Una procedura che coinvolge tutte le superfici che vengono a contatto con gli alimenti, dai piani di lavoro agli utensili fino agli ambienti nei quali l’alimento viene lavorato lungo tutta la filiera. La sanificazione può esser condotta attraverso l’utilizzo di mezzi chimici e di mezzi fisici. In sintesi, le sostanze chimiche utilizzabili sono i detergenti e i disinfettanti. I diversi detergenti esistenti devono presentare alcune caratteristiche comuni. Devono essere facilmente asportabili con acqua, non devono rappresentare un pericolo per l’operatore, essere biodegradabili. E’ importante poi che vengano scelti in maniera specifica per la superficie da detergere così da non deteriorarla o danneggiarla. Nel particolare invece, è possibile suddividere i detergenti in base all’azione che esplicano e alle caratteristiche chimiche del singolo prodotto. I detergenti acidi o basici sono principalmente efficaci nella rimozione delle incrostazioni.
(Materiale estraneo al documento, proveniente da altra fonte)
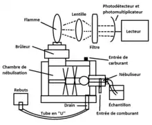 Grâce à une entrée d’air située au début de l’instrument et à l’effet Venturi, l’échantillon est aspiré par le tube. L’échantillon est projeté sur la bille d’impact, ce qui crée de petites gouttelettes. Dans le cas d’un brûleur à prémélange, l’entrée des gaz se situe dans la chambre de nébulisation. Le gaz et les gouttelettes sont donc mélangés. La totalité de l’échantillon ne se rend pas vers le brûleur. Le reste, soit les plus grosses gouttes qui se frappent sur les parois ou sur les hélices, va dans le drain. Les gouttelettes vont dans le brûleur, où se trouve la flamme. À cet endroit, le mélange de gaz brûle tandis que les ions métalliques sont atomisés et subissent le processus d’excitation. La lumière émise par ce dernier est dirigée vers une lentille qui la converge vers le filtre. Ce dernier, qui est choisi par l'analyste en fonction du métal à quantifier, laisse passer la lumière à une longueur d’onde précise. Cette lumière atteint un photodétecteur et photomultiplicateur pour ensuite afficher les résultats à un système de lecture[10].

Quelli acidi (per es. acido cloridrico, acido fosforico, acidi organici) sono utilizzati per eliminare le incrostazioni di minerali tenaci come il calcare; quelli basici (soda caustica, silicati, ecc.) sono più efficaci per la rimozione di incrostazioni di materiale organico come quello carbonizzato compresi i residui grassi. La seconda classe di sostanze chimiche sono i disinfettanti: questi composti esistono di diverse tipologie e a diverse azioni biocida. I composti a base di cloro attivo (ipoclorito di sodio e di calcio; cloramine; composti clorurati fosfatici) hanno un ampio spettro d’azione a efficacia antibatterica e agiscono bene anche su virus, spore, lieviti e muffe in quanto vanno ad ossidare le proteine delle forme viventi. I prodotti a base di Sali d’ammonio quaternari invece sono in grado di solubilizzare i lipidi di membrana e di denaturare le proteine ma sono poco efficaci su spore e virus e hanno uno spettro d’azione battericida più ridotto. Per i disinfettanti utilizzati per le mani degli operatori consigliamo invece quelli contenenti la clorexidina e la picloxidina.